1. PCR
A blank agarose gel is a depressing (and routine) sight in biological research.
What do you do when you don't get a band?
Newbies in biology may be too familiar with the myriad methods for optimizing your PCR reaction - MgCl2 concentration, annealing temperature, number of cycles, extension time... and so on.
But unless you really enjoy spending time and effort stuck in troubleshooting hell, here's a faster way.
I call it the "50 degree" rule of thumb.
If you don't get any bands, the first thing to do is to drop the annealing temperature way down and increase the number of cycles to an extreme level, for example to 50 degrees and 40 cycles.
You should get a band now. If the desired PCR product is short (<1000 bp) just do a bunch of PCR reactions and send them off for sequence verification.
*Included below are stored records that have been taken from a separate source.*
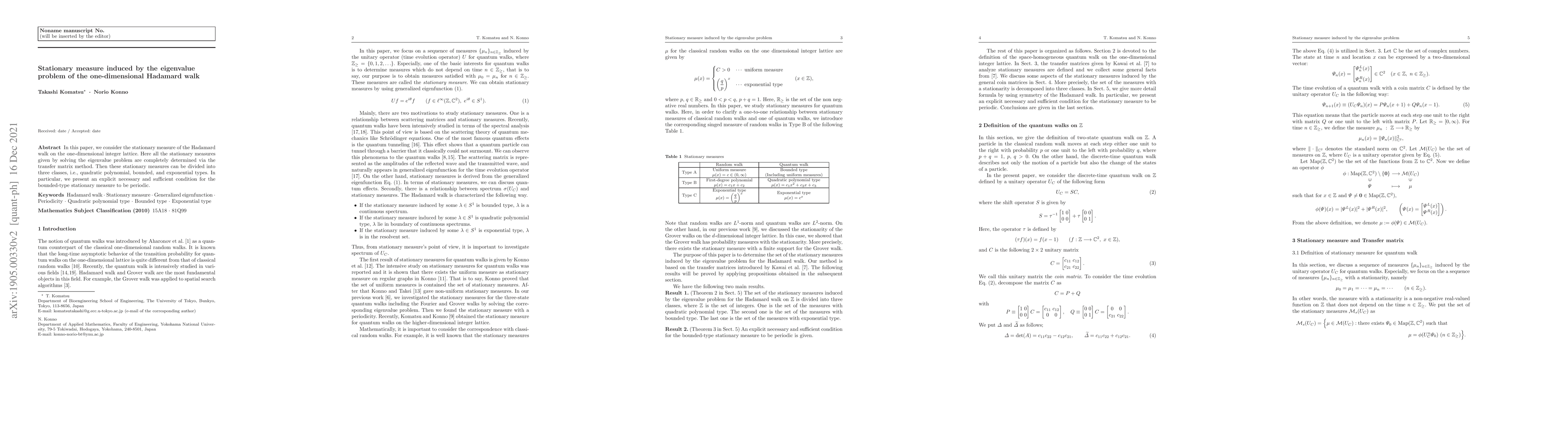 In this paper, we consider the stationary measure of the Hadamard walk on the one-dimensional integer lattice. Here all the stationary measures given by solving the eigenvalue problem are completely determined via the transfer matrix method. Then these stationary measures can be divided into three classes, i.e., quadratic polynomial, bounded, and exponential types. In particular, we present an explicit necessary and sufficient condition for the bounded-type stationary measure to be periodic.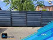 Oval - Model wykonany z profili aluminiowych montowanych poziomo. Bardzo popularny model z panelami ułożonymi w kształcie żaluzji o przekroju owalnym.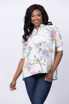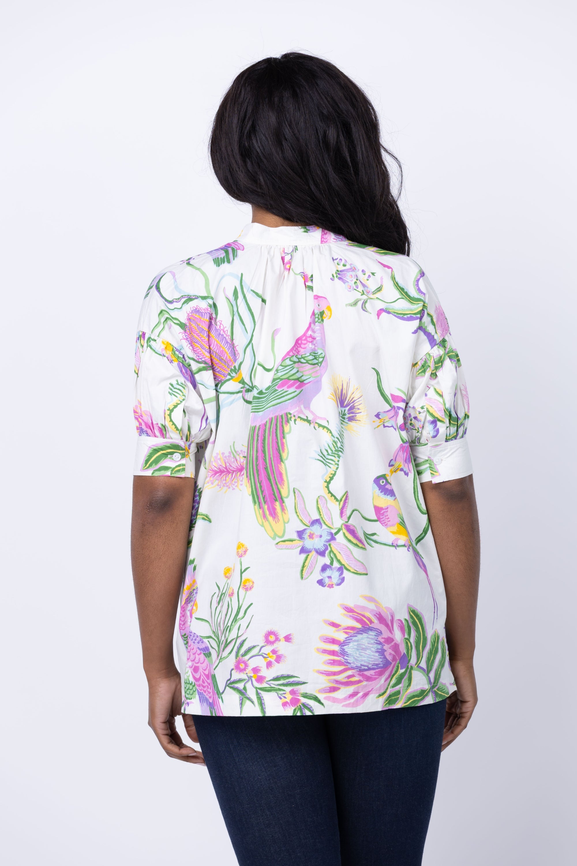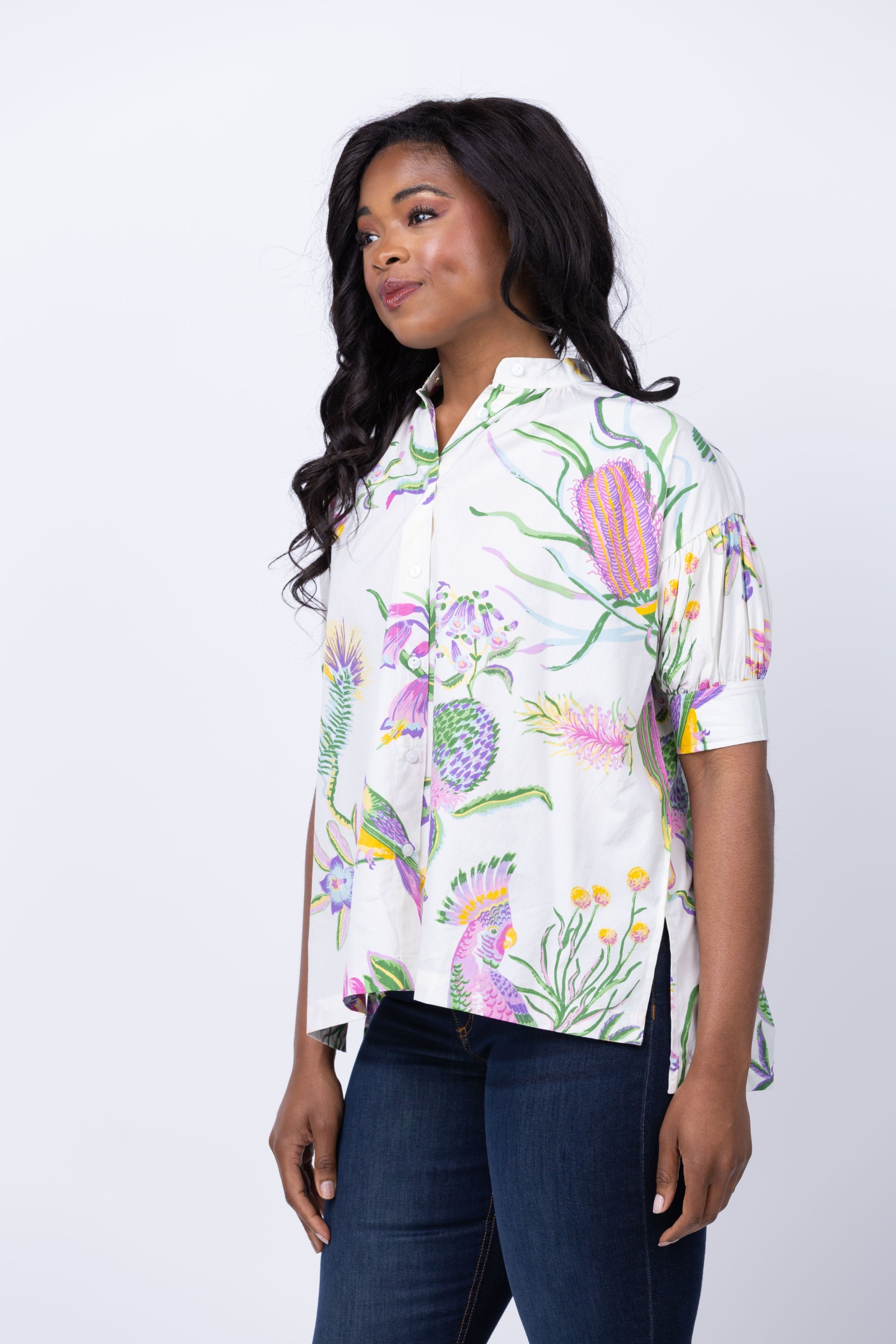 Introducing the Banjanan Ivy Shirt, a must-have for spring. This easy-fitting button-down features beautiful Australian-inspired prints and subtle topstitch details. Its crisp cotton poplin fabric and gentle gathers offer both comfort and movement.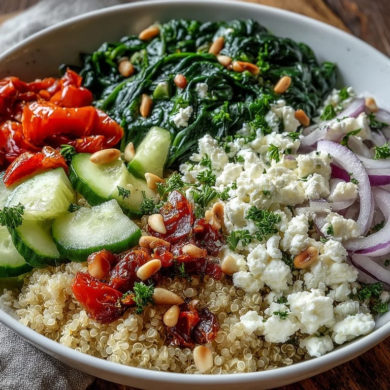Pin It There's something about a grain bowl that feels like putting together a puzzle—each component arrives at the table with its own personality, waiting to be discovered with every forkful. I stumbled onto this particular combination on a random Tuesday when my fridge was overflowing with vegetables and I had leftover quinoa staring me down. The spinach wilted into something unexpectedly silky, the feta crumbled just right, and suddenly what I thought would be a quiet lunch turned into something I found myself making three times that week.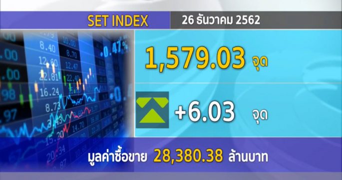 ตลาดหลักทรัพย์ปิดวันนี้ที่ระดับ 1,579.03 จุด เพิ่มขึ้น 6.03 จุด (+0.38%) มูลค่าการซื้อขาย 28,380.38 ล้านบาท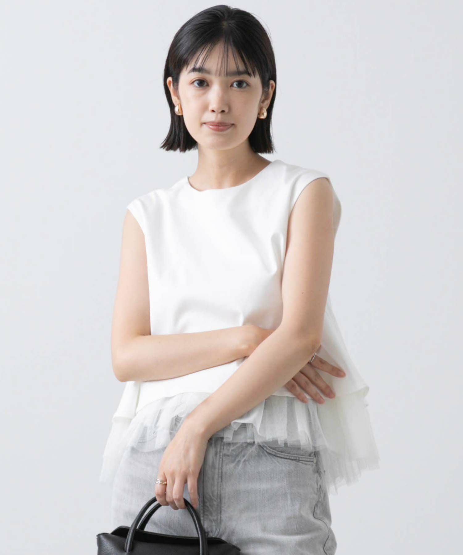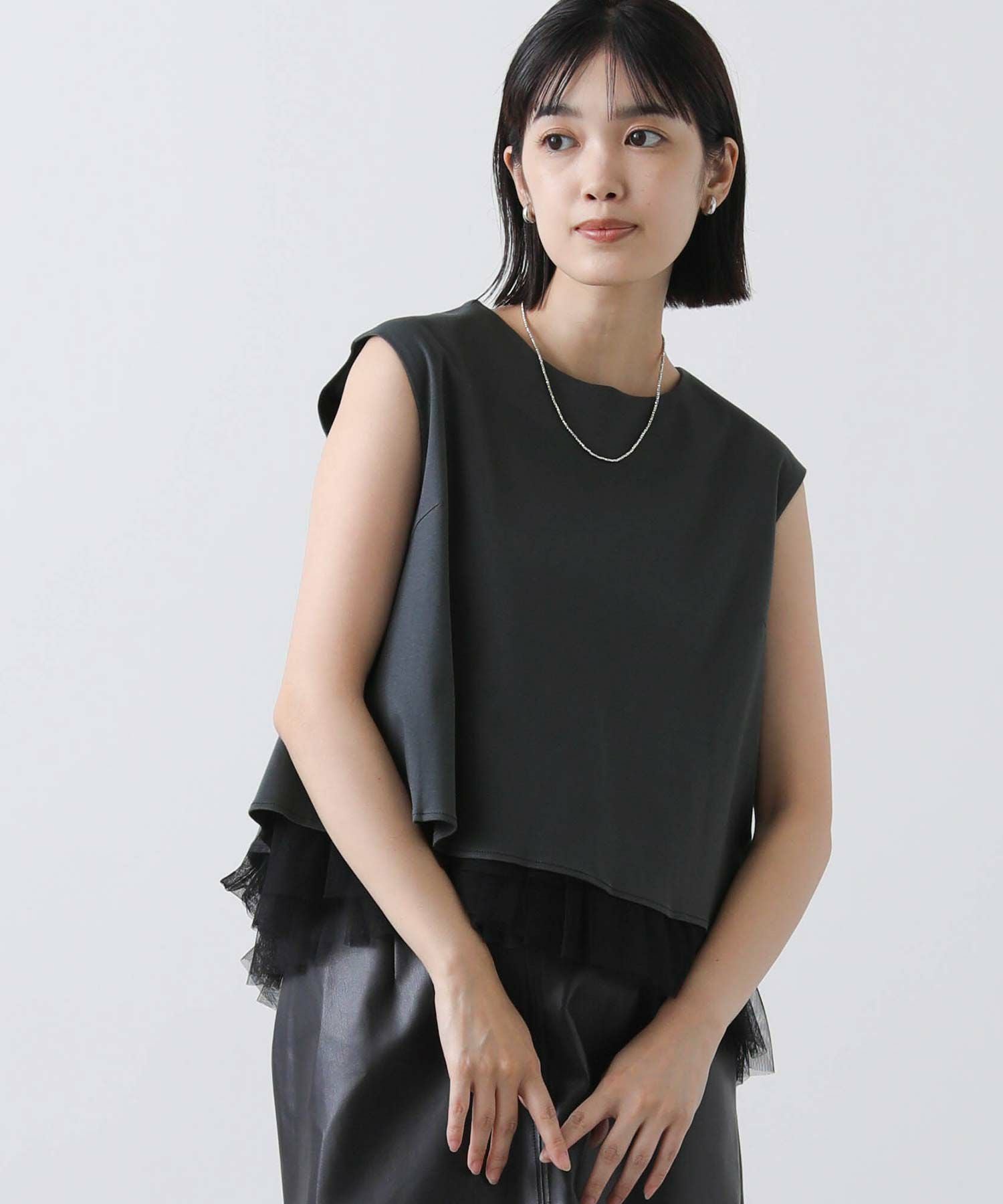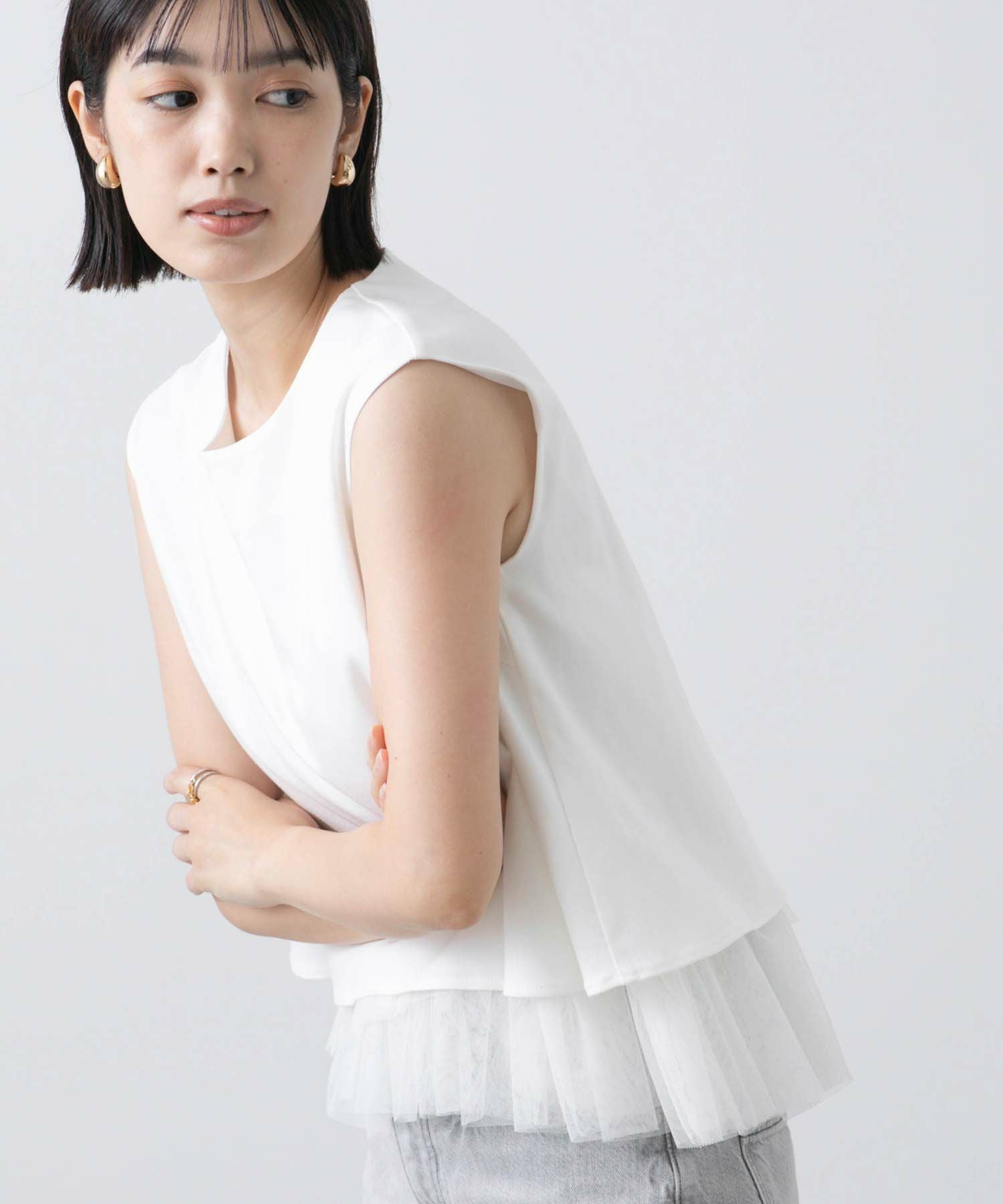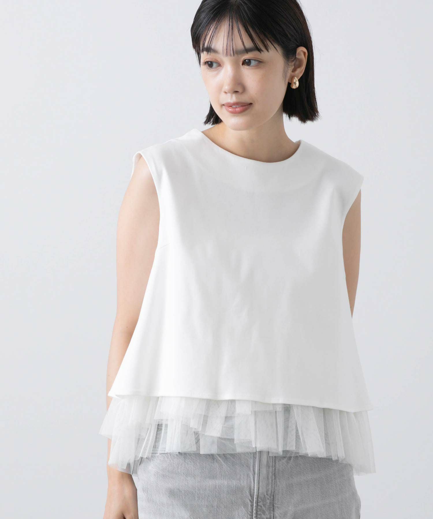 【anana/アナナ】から、きれい見えするTシャツ生地に裾からチュールレースがのぞくドッキングプルオーバーをセレクト。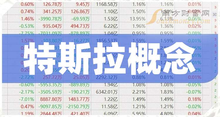 《南方財富網(wǎng)概念查詢工具》財報工具數(shù)據(jù)整理,特斯拉概念股票二季度營收排名詳情如下(數(shù)據(jù)不作參考):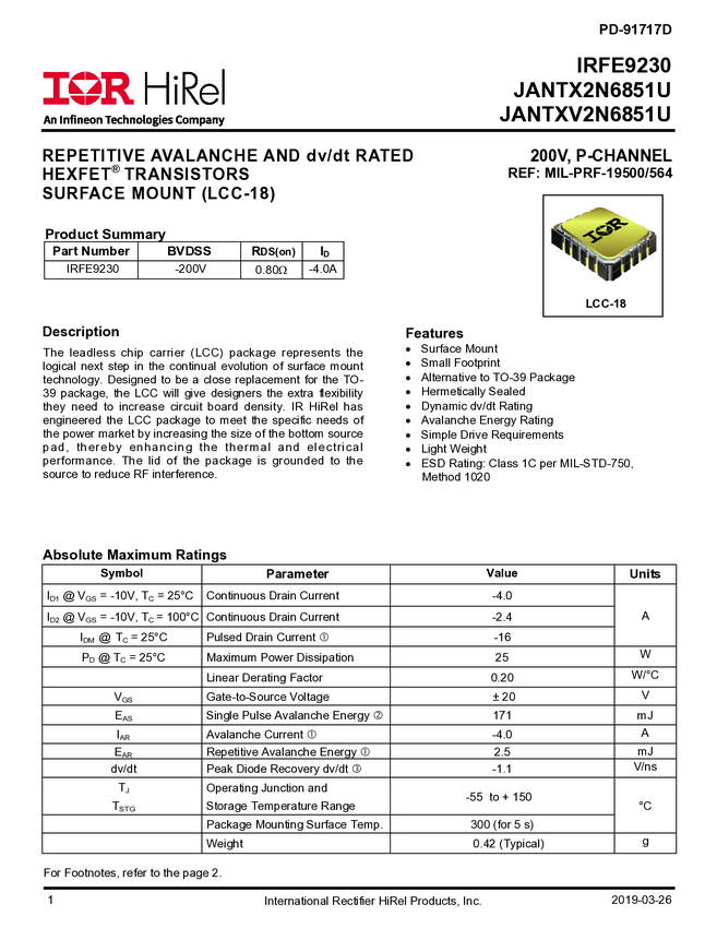 IRFE9230 is a high reliability, -200V, single, P-channel MOSFET in a 18-pin LCC pack...
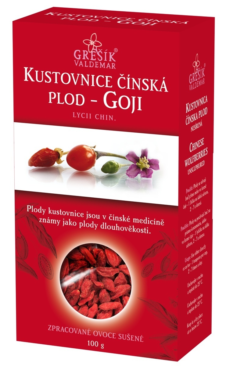 Kustovnice čínská plod - GOJINesířenáPlody kustovnice jsou v čínské medicíně známy jako plody dlouhověkosti.Použití: Plody se užívají buď přímo nebo ve formě čaje - 1 lžička na šálek odvaru, 2 - 3 x denně.Průměrné výživové hodnoty ve 100 g:Energetická hodnota: 1500 kJ/359 kcal; Tuky: 1,1 g, z...

Pick the one with the correct sequence and move on.
If the PCR product is long, it's more important to optimize the annealing temperature back up.
If you still don't get any bands, then it's likely a problem with the primer design.
If it's for PCR screening, order a bunch of different primer pairs by "shifting" the primer position back and forth a few base pairs.
For subcloning work you may not be able to move the primer position. Order primers of different lengths instead.
Wasting primers is much cheaper than wasting your time.
2. Ligation
Ligation is one of the black arts of molecular biology. Sometimes it works right the first time, sometimes it doesn't ever work.
Yes, we know about the 1:3 vector-to-insert molar ratio calculation that you learnt in school. But there's no guarantee that the ligation will be successful.
I prefer a brute force technique - by using an overwhelming amount of insert DNA.
First, set the amount of vector DNA fixed at 100 ng.
Then add as much insert DNA as it can possibly fit in the ligation mix. (In a 10ul reaction you can add up to 6ul of insert which is 1000 ng or more!)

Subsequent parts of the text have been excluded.